Exercise: Among the entries below, only the lines from the one with "mit super niedlichen" through the one with "VANCOUVER, British Columbia, Nov." are wanted, reproduced exactly. Pictures are not wanted.

Supplied records:
+-------+

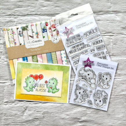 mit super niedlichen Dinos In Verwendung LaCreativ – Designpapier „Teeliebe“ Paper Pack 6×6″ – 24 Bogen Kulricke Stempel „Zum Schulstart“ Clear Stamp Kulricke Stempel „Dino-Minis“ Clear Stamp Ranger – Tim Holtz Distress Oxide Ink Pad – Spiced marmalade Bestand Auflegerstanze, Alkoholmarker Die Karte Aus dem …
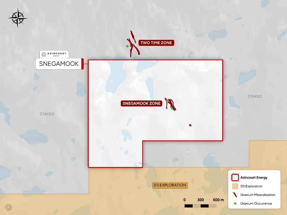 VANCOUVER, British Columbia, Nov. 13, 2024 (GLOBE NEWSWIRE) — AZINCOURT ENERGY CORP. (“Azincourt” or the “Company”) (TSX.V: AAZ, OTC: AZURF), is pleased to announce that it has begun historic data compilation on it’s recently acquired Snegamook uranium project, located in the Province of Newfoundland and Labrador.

+-------+

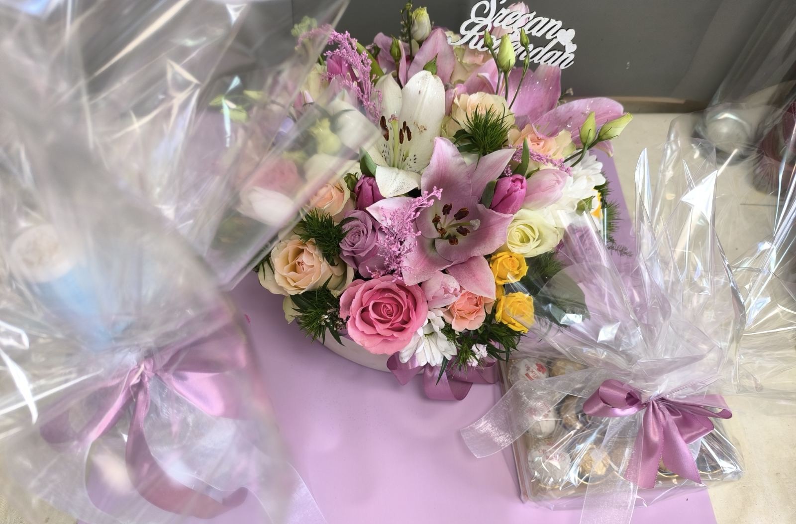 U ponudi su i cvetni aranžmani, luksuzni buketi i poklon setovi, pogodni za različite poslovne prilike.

+-------+

Written answer:
 mit super niedlichen Dinos In Verwendung LaCreativ – Designpapier „Teeliebe“ Paper Pack 6×6″ – 24 Bogen Kulricke Stempel „Zum Schulstart“ Clear Stamp Kulricke Stempel „Dino-Minis“ Clear Stamp Ranger – Tim Holtz Distress Oxide Ink Pad – Spiced marmalade Bestand Auflegerstanze, Alkoholmarker Die Karte Aus dem …
 VANCOUVER, British Columbia, Nov. 13, 2024 (GLOBE NEWSWIRE) — AZINCOURT ENERGY CORP. (“Azincourt” or the “Company”) (TSX.V: AAZ, OTC: AZURF), is pleased to announce that it has begun historic data compilation on it’s recently acquired Snegamook uranium project, located in the Province of Newfoundland and Labrador.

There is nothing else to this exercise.